A recent Simpsons episode declared Jimmy Carter to be history's greatest monster. Ok, it aired for the first time 12 years ago, but I recently watched it again, and thought to myself, self, why are we laughing at this? I think it is funny, but I'm not really sure why I do. I don't even have a vague recollection of a time or event when Jimmy Carter was relevant in any way to me. Anyone under the age of thirty probably doesn't either. If we don't know the past, we are doomed to repeat it. In the spirit of this, I thought it was necessary to give the old history books a little tune up, and am selecting a new History's Greatest Monster.
In selecting a new History's Greatest Monster, it was important to try the make them relevant to the youth of the world because frankly, children are the future. (Side note: I briefly considered making children the new History's Greatest Monster). Kids need someone to piss on, cuz' it helps them build self esteem, so we need to give them a fresh face to hate, or, if their parents are Republicans, pattern their voting after.
The list of choices can be easily be built by opening an LA or DC phone book and blindly pointing a finger, so I had to narrow it down. I was looking for someone with cultural relevance of the pop variety that really didn't bring any substance to the table, has a weird interpersonal relationship that makes gay marriage seem old-fashioned and comfortable, and who was Internet savvy, cuz' the kids, they love that Internet.
I could only come up with one truly worthy candidate. He is the man who brought Twitter to the masses, turned banging cougars into a lifelong celebration of commitment and inter-generational love (ewwww), as well as invented and probably trademarked the phrase "punk'd" (which I am guessing the Huff Post is probably writing him a cheque for right now for its mere mention). I am talking of course about Ashton Kutcher.
He crushed any lingering hopes of Hollywood's premiere 80's power couple reuniting, became the first twitterbird to break a million friendsters or whatever the fug those greasy little urchins who sit on The Google all day and play with their ipods call it, and I'm still waiting for the blood work to come back, but I'm pretty sure he slept with and impregnated my high school girlfriend. And that's just the stuff we know about.
Now he even has Shaq doing this ridiculous thing called twittering. Getting a 7 foot tall, 320 pound man to do anything called twittering is insidious, especially when it involves creating a following. Also, Kutcher, your cheek bones are too high. (Ok, I admit another reason I don't like you because you are too good looking. There, I said it. You look like you could star in a porno re-make of Dazed and Confused with your forty-something but still hot wife, and I would probably shell out $40 for the DVD even though you are destroying my favourite PG-13 teenage sex romp period piece. And I hate that you have that kind of marketing pull on me. Damn your chiseled features!)

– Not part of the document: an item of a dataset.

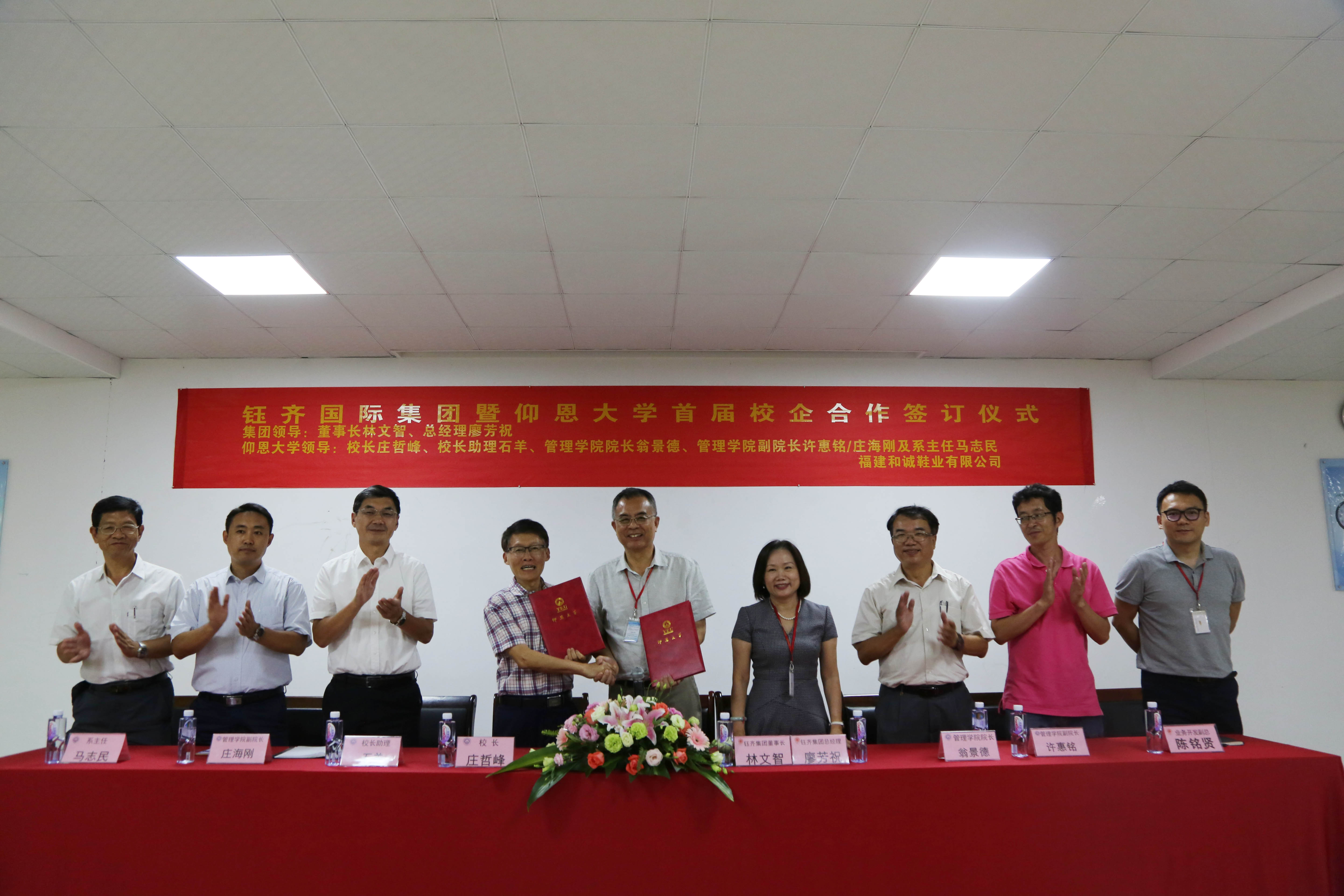 9月19日下午,校党委书记庄哲峰,校长助理石羊,6776永利集团院长翁景德,6776永利集团副院长许惠铭、庄海刚及系主任马志民一行前往福建和诚鞋业有限公司参访,并签订校企合作意向书。钰齐集团董事长林文智、总经理廖芳祝,业务开发副总陈铭贤等出席了本次签订仪式。

But it's the twittering that really gets me. You are introducing a social media that is a cultural atrocity to a generation that already is battered with so many stupid and hokey gimmicks that pass for using your brain or communicating with people using real words. The modern teenager's communications are so banal they barely make it to 140 characters as it is, now you are limiting them to this? Not to mention exposing them to the vapidness of a celebrity's daily lives, like they needed more?
So get out your tweet pad kids, and spread the word: "Kutcher is a morally reprehensible ding dong that is ruining your future. He is history's greatest monster. Pass it on." I think that is less than 140 characters. I hope the message spreads, because when it comes down to it, it is all about the children.